§ **What to do**
Below are some records. Set down exactly the line holding "Красивые нарисованные распустившиеся" and every later line through the end, omitting the pictures.

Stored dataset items
• • • •

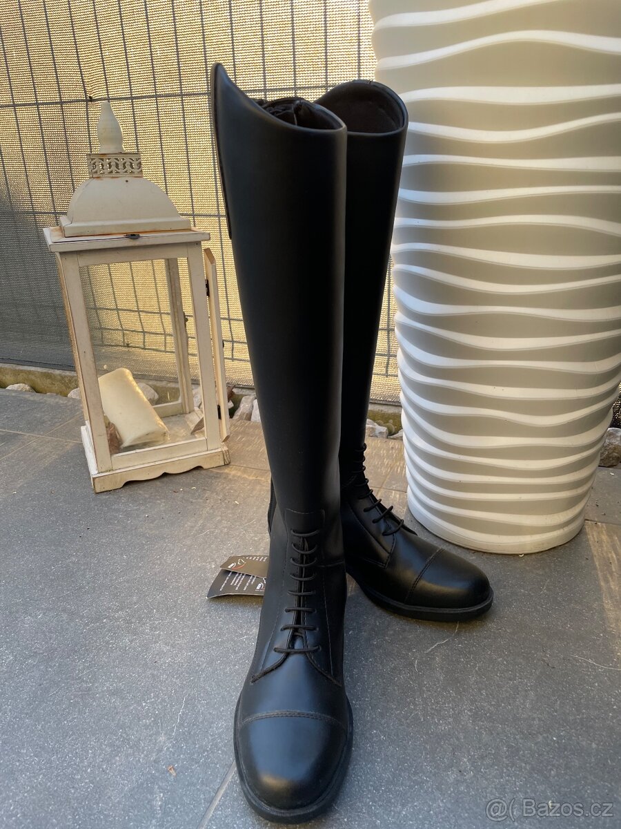 Vysoké jezdecké boty Equi Théme - vel.40 - [26.4. 2026]Černé, velikost 40 a standart lýtko, vysoké přední šněrování, gumová vsadka u zadního zipu. Boty pouze párkrát použité!. PC 5.500,- Kč, nyní 2.900,- Kč včetně poštovného
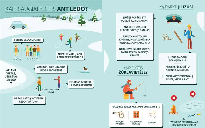 Priešgaisrinės apsaugos ir gelbėjimo departamento prie Vidaus reikalų ministerijos Panevėžio priešgaisrinės gelbėjimo valdybos Visagino priešgaisrinė gelbėjimo tarnyba primena gyventojams, kad paspaudus šaltukui, geriausia nerizikuoti ir nevaikščioti ant užšalusių vandens telkinių, tačiau, kaip taisyklė, kasmet užsitraukus ledui čia tuoj pat renkasi žvejai, neretai pramogų ieško ir vaikai. Pramogaujantiems ant ledo būtina žinoti kokie pavojai jų tyko ir kaip išsigelbėti ar išgelbėti kitus įlūžus:
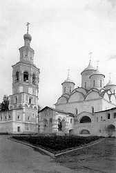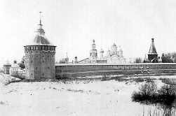 The first monastery, formally dedicated to the Dormition of the Virgin, was founded in 1397 on Siverskoe Lake, seven kilometers to the east of the Sheksna River. Its founder, Kirill (Cyril; 1337-1427), was a monk of noble birth who had served at the Simonov Monastery in Moscow and in 1390 became its hegumen. By leaving this prestigious position and coming to the northern territory of Muscovy in 1397, he not only achieved the ascetic life valued by the pioneers of Muscovite monasticism, but he also furthered territorial claims of the Moscow grand prince. As one who frequently advised the sons of Dmitrii Donskoi, Kirill was familiar with the political conditions that drove Moscow's northern expansion. Indeed, the monastery's importance as both a religious center and as an anchor of Muscovy's northern flank was recognized by the canonization of Kirill in the fifteenth century and the naming of the entire monastic ensemble- consisting of two adjacent monasteries, the Dormition and John the Baptist-for St. Kirill Belozerskii (2).
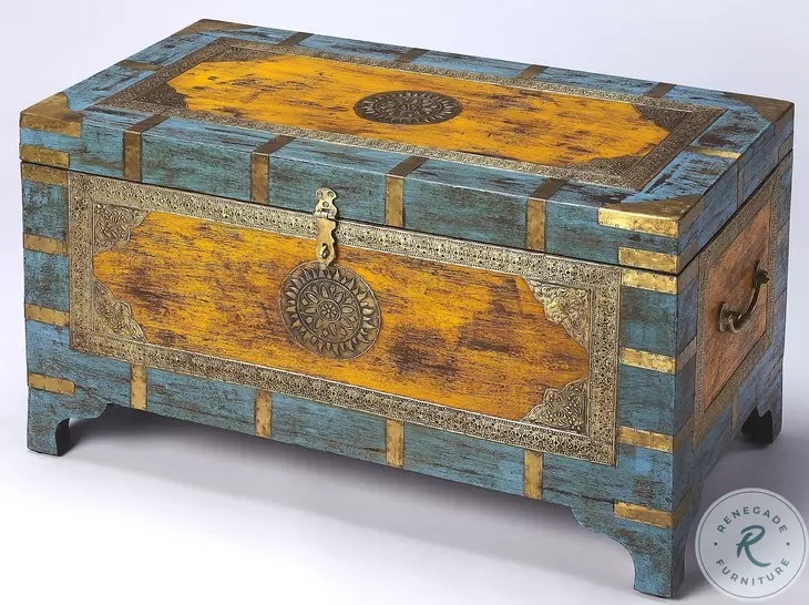 Intricately designed with brass inlays and blue and gold hand painting this unique storage trunk has a vintage feel. Handcrafted from mango wood solids it has a hinged lid that opens for spacious interior storage.Features
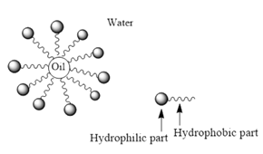 Solution:Emulsifiers are usually long-chain compounds with polar groups, like soap. The soap molecules consist of two parts: (i) a long hydrocarbon chain (C₁₇H₃₅), which is soluble in fat, and (ii) a dissolved polar part in water (COO⁻ Na⁺). During emulsion, the dipolar alkaline group of soap dissolves oil or grease, and the polar group dissolves in water. When rubbed, the greases are suspended in the water in the form of small droplets and flow smoothly with water.
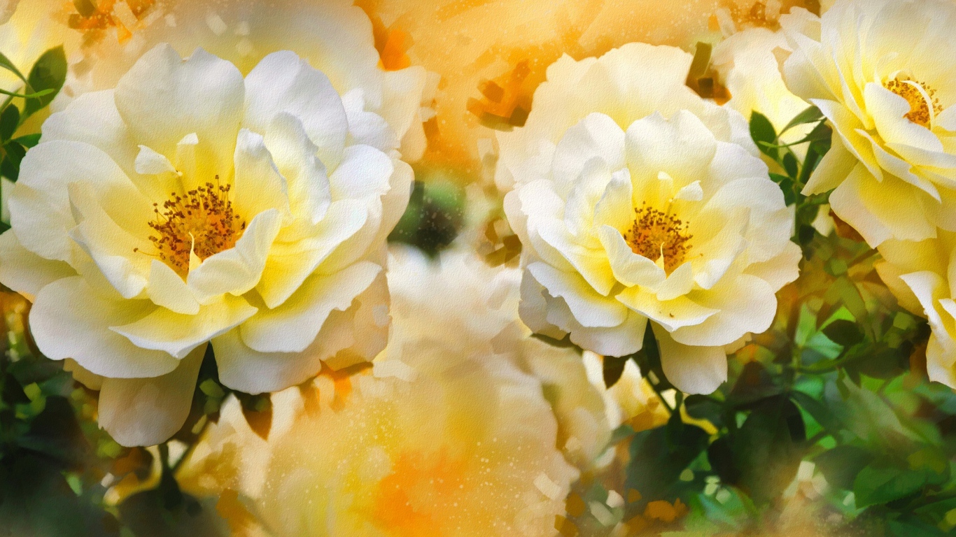 Красивые нарисованные распустившиеся белые розы Обои для рабочего стола 1366x768
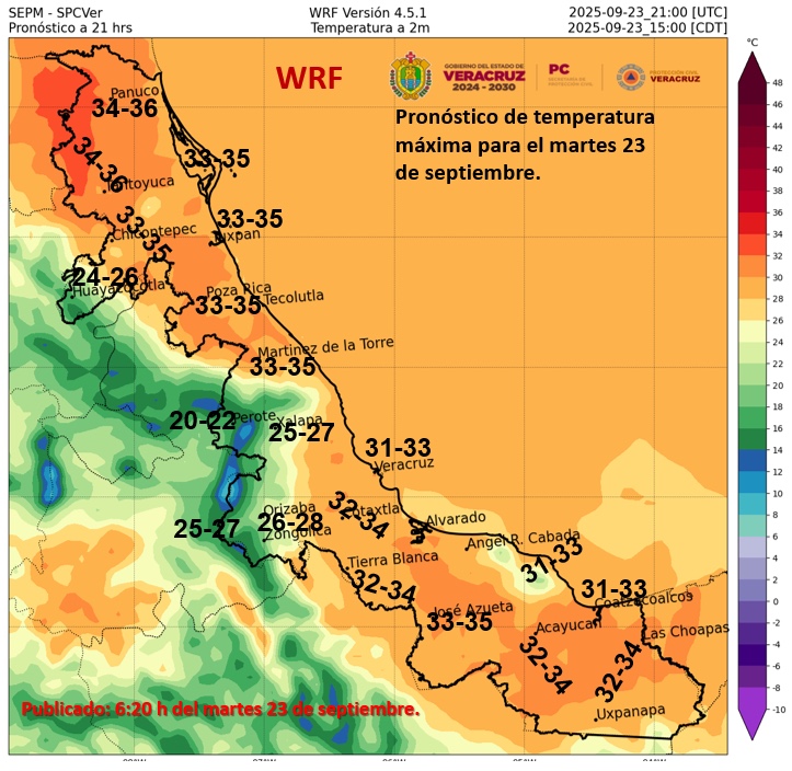 Las máximas de 30 a 35 °C en Nayarit, Colima, Guerrero, Chiapas, Zacatecas (sur), Guanajuato (noreste), Querétaro (norte), Hidalgo (norte), Puebla (norte), Veracruz y Tabasco.
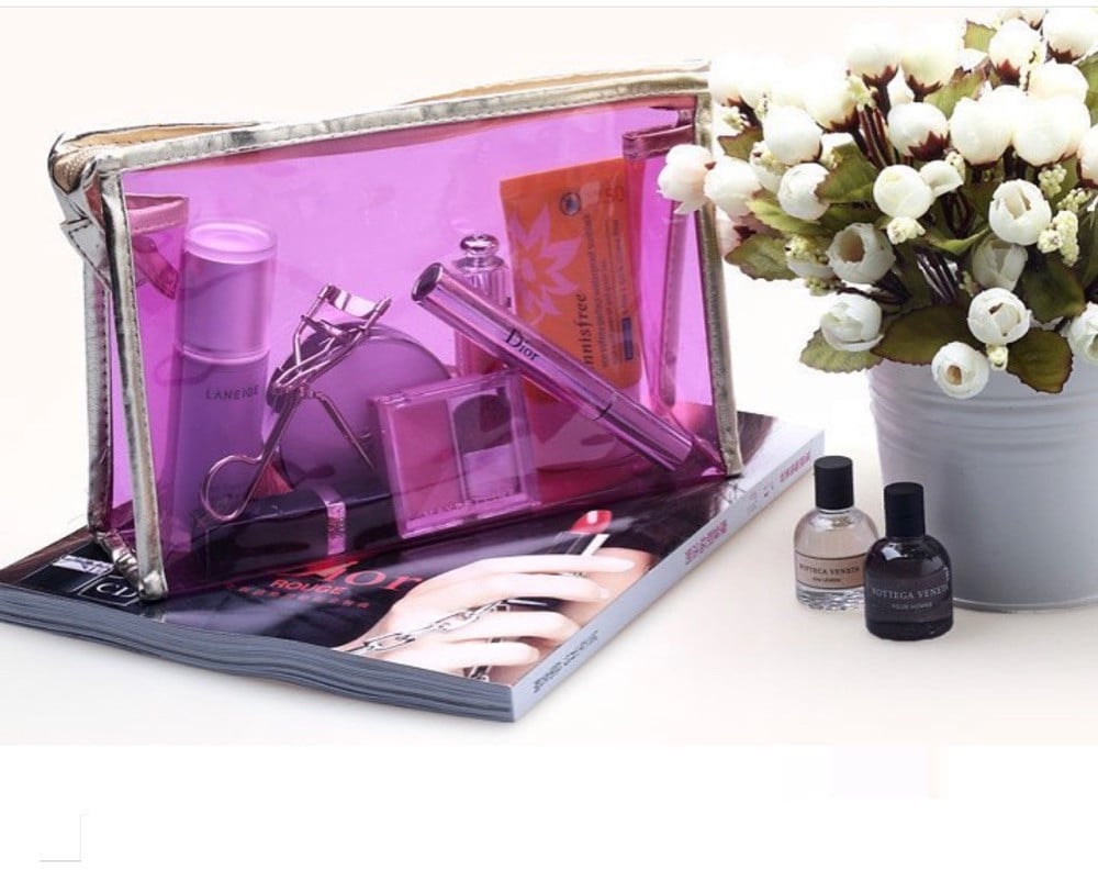 حقيبه وردي شفافه من البلاستيك المقوى

• • • •

§ **Task solution**
 Красивые нарисованные распустившиеся белые розы Обои для рабочего стола 1366x768
 Las máximas de 30 a 35 °C en Nayarit, Colima, Guerrero, Chiapas, Zacatecas (sur), Guanajuato (noreste), Querétaro (norte), Hidalgo (norte), Puebla (norte), Veracruz y Tabasco.
 حقيبه وردي شفافه من البلاستيك المقوى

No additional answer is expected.